Jan 18/25; Volume 30/Number 15

By Jenna Lippin

As the industry finally catches up with millennials, or Generation Y, a new problem presents itself when it comes to pinpointing the shopping habits of current and future consumers: Generation Z.

Yes, that’s right: Generation Z. (What happens now that we’ve run out of letters?) This group of young people encompasses those born after millennials who are, according to Alex Williams of The New York Times, “the next big thing for marketing researchers, cultural observers and trend forecasters.” The group consists of approximately 60 million Americans, outnumbering millennials by nearly one million.

Today the majority of Generation Z is made up of teens and tweens (those in between childhood and teenage years); some categorize the group born anywhere from the early 1990s to the mid 2000s, while others carve out the 15-year block starting in 1996, making them 5 to 19 years old today. However it is calculated, Generation Z will rapidly approach the buying age that retailers will have to focus on. As Williams put it, these kids are “primed to become the dominant youth influencers of tomorrow” with “billions in spending power.” In fact, Women’s Wear Daily declared Generation Z “the next big retail disrupter.”

So what differentiates Generation Z from Generation Y? While technology seems to be the main factor that separates young Americans from baby boomers, the degree to which the youth of today uses devices like iPads, smartphones and computers is what’s important. The key here is that Generation Z is the first generation to be born and raised in this era. They don’t remember a time before social media and iPhones. Attention spans are even shorter today and instant gratification needs to be delivered in, well, less than an instant.

Dan Scawbel, managing partner of Millennial Branding, told the Times, “[W]e tell our advertising partners that if they don’t communicate in five words and a big picture, they will not reach [Generation Z].”

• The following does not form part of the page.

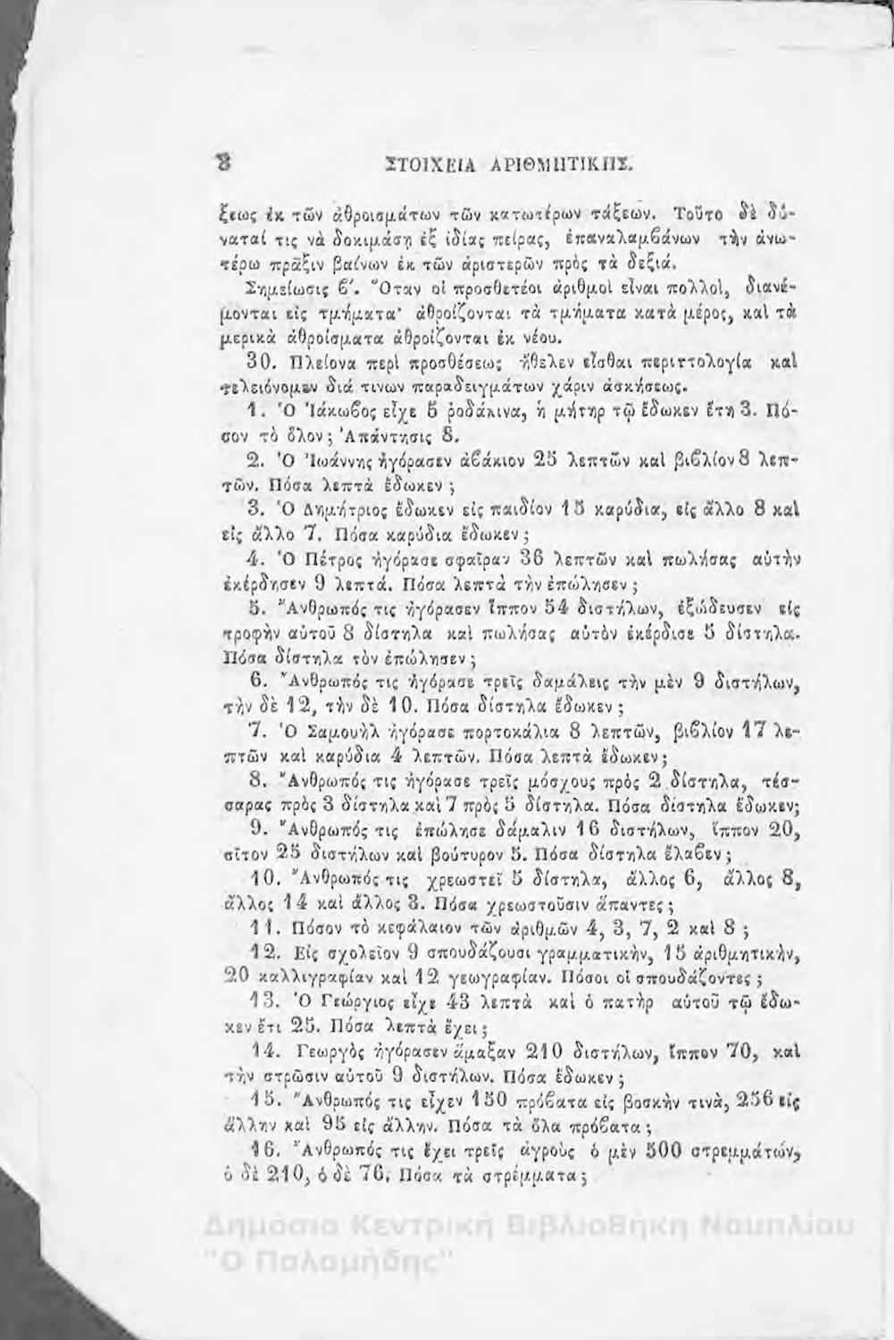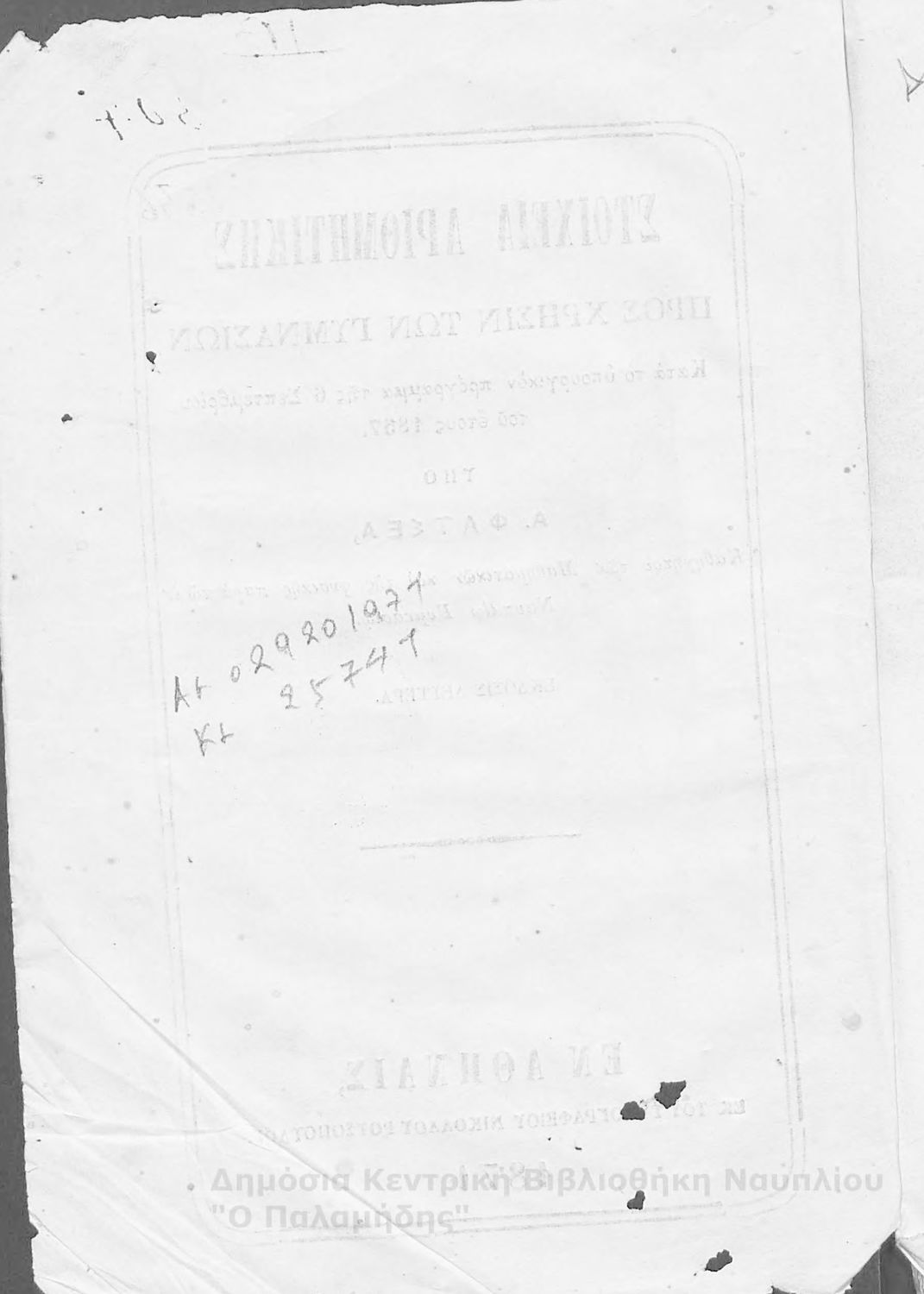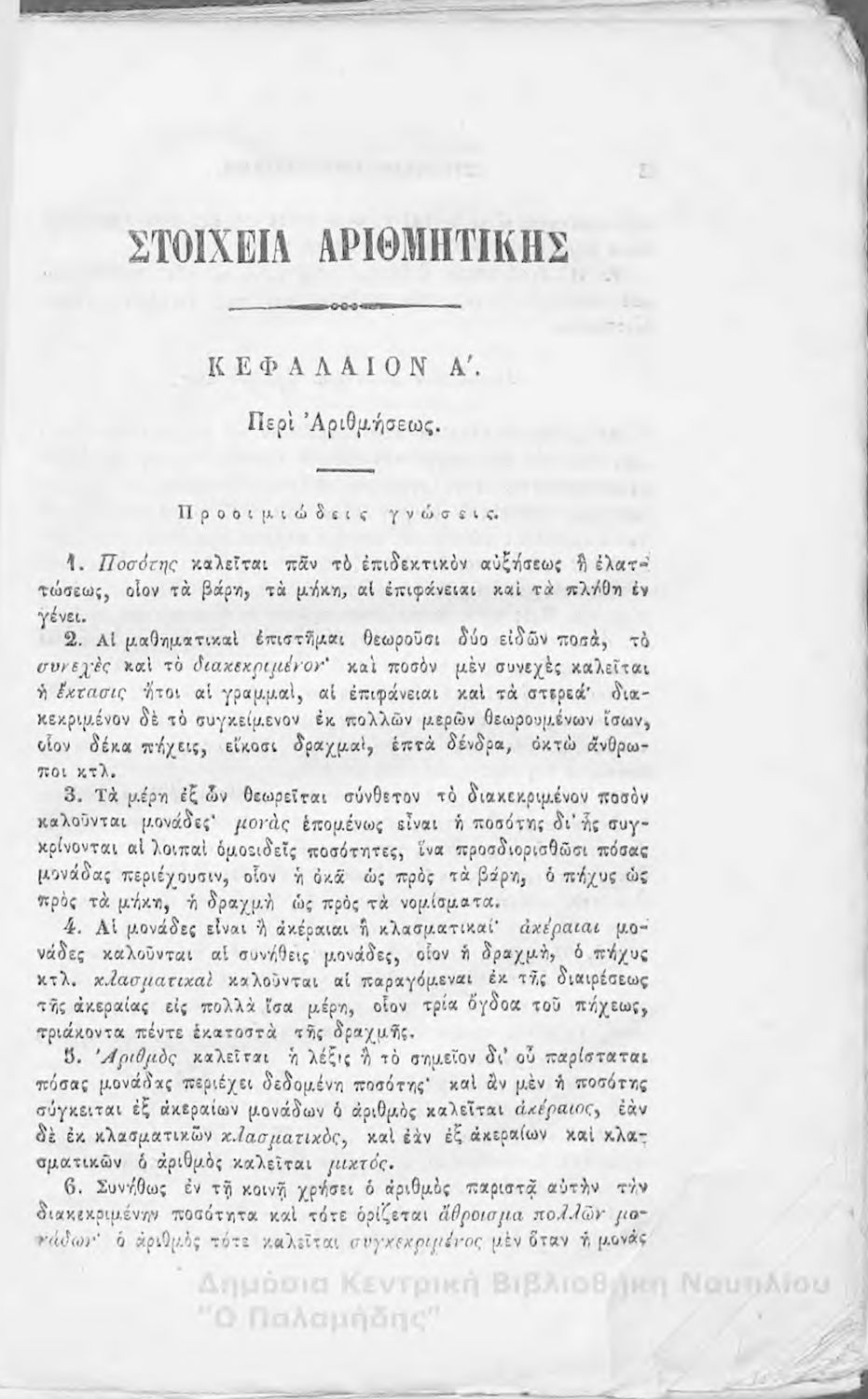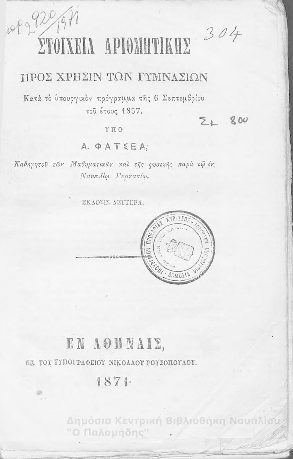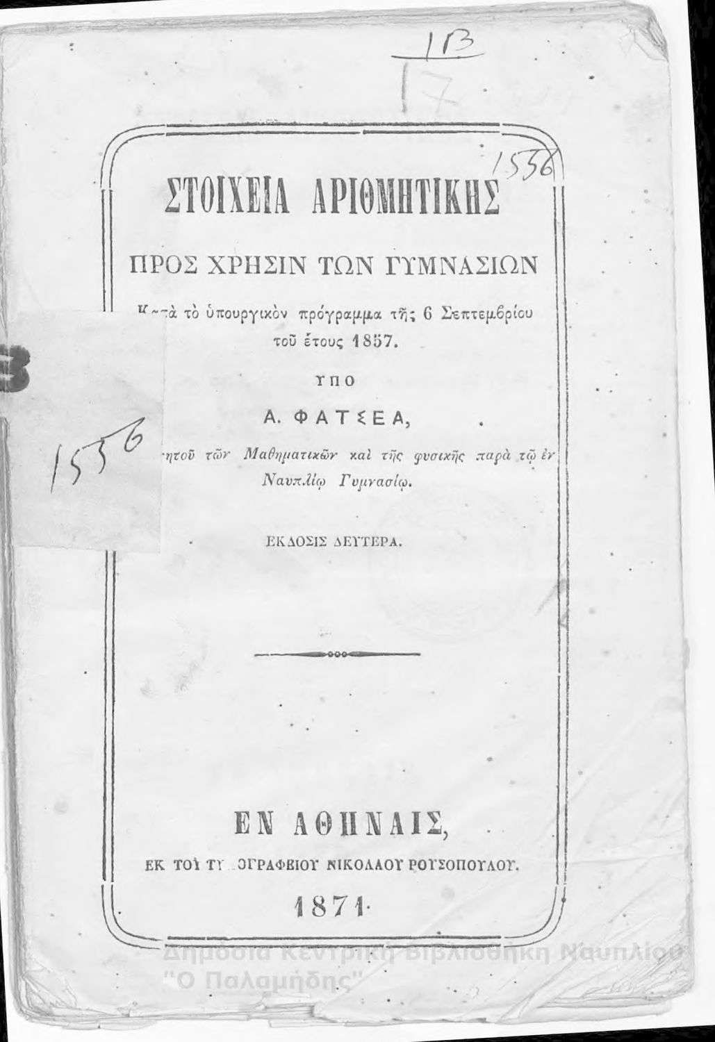 Τίτλος: Στοιχεία Αριθμητικής προς χρήσιν των Γυμνασίων

Another interesting point to consider when trying to reach Generation Z is the group to which their parents belong. As members of Generation X, the moms and dads of the next wave of shoppers “have tried to give their children the safe, secure childhood they never had,” explained Neil Howe, economist and co-author of several books about American generations. Part of this concern for safety comes from the traumatic national and global events that occurred during these generations’ formative years.

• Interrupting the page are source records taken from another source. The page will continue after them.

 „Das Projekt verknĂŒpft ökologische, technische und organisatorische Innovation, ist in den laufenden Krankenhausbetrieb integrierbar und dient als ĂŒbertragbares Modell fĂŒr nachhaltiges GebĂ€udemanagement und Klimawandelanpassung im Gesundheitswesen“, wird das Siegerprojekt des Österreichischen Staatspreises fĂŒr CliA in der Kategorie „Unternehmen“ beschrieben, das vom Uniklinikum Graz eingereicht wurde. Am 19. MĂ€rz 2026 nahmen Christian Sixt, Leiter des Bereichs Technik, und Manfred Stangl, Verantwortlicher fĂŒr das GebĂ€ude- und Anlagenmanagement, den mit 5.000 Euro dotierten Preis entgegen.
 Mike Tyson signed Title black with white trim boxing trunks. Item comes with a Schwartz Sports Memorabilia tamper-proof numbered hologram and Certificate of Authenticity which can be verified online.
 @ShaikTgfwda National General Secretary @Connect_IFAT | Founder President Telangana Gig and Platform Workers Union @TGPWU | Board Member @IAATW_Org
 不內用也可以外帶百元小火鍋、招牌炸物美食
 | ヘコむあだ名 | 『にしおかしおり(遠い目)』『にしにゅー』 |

Overall, Generation Z is more concerned about safety, privacy and a stable future/ career. According to marketing firm Sparks & Honey, which gathered information for its presentation “Generation Z: Forget Everything You Learned About Millennials,” one in two Generation Zers will be college educated compared to one in three millennials and one in four Gen Xers. But their educated opinions are already making a difference—32% of moms feel their Gen Z children are influential when purchasing home furnishings.

Those members of Gen Z who are old enough to shop on their own often choose online stores vs. brick-and-mortar locations. Fifty-seven percent of Gen Zers buy fashion accessories online, 60% sports equipment, 55% clothes—the point is clear. This likely goes back to the 8-second average American attention span, which is down from 12 seconds in 2000.

As Generation Z comes of age, brands need to appeal to this group fast. Social media and digital advertising will still be the focus but on a more widespread basis. According to Julia Glum’s article on the International Business Times website, “Marketing To Generation Z: Millennials Move Aside As Brands Shift To Focus Under-18 Customer,” Gen Zers use five screens: smartphone, TV, laptop, desktop and iPod. She suggests marketers spread their stories across these devices. “Gen Z is increasingly tech-savvy and has no problem getting information from multiple sources.”

Growing up either during the Great Recession or when people were trying to bounce back from the downturn, Generation Z’s buying habits reflect resourcefulness and an entrepreneurial sprit. According to Sparks & Honey, nearly 75% of high school students surveyed said they want to eventually start their own businesses.

“You’re not going to be marketing to them, you’re going to be co-creating with them,” said Jeff Fromm, president of FutureCast, a millennial marketing consultancy in Kansas City, Mo., and co-author of “Marketing to Millennials.” “This market wants to be treated as a consumer who’s a partner, not as a target audience.” Therefore, these shoppers prefer companies that are socially conscious and transparent. Company values will play a role in Gen Z’s buying habits when two comparable products cost the same.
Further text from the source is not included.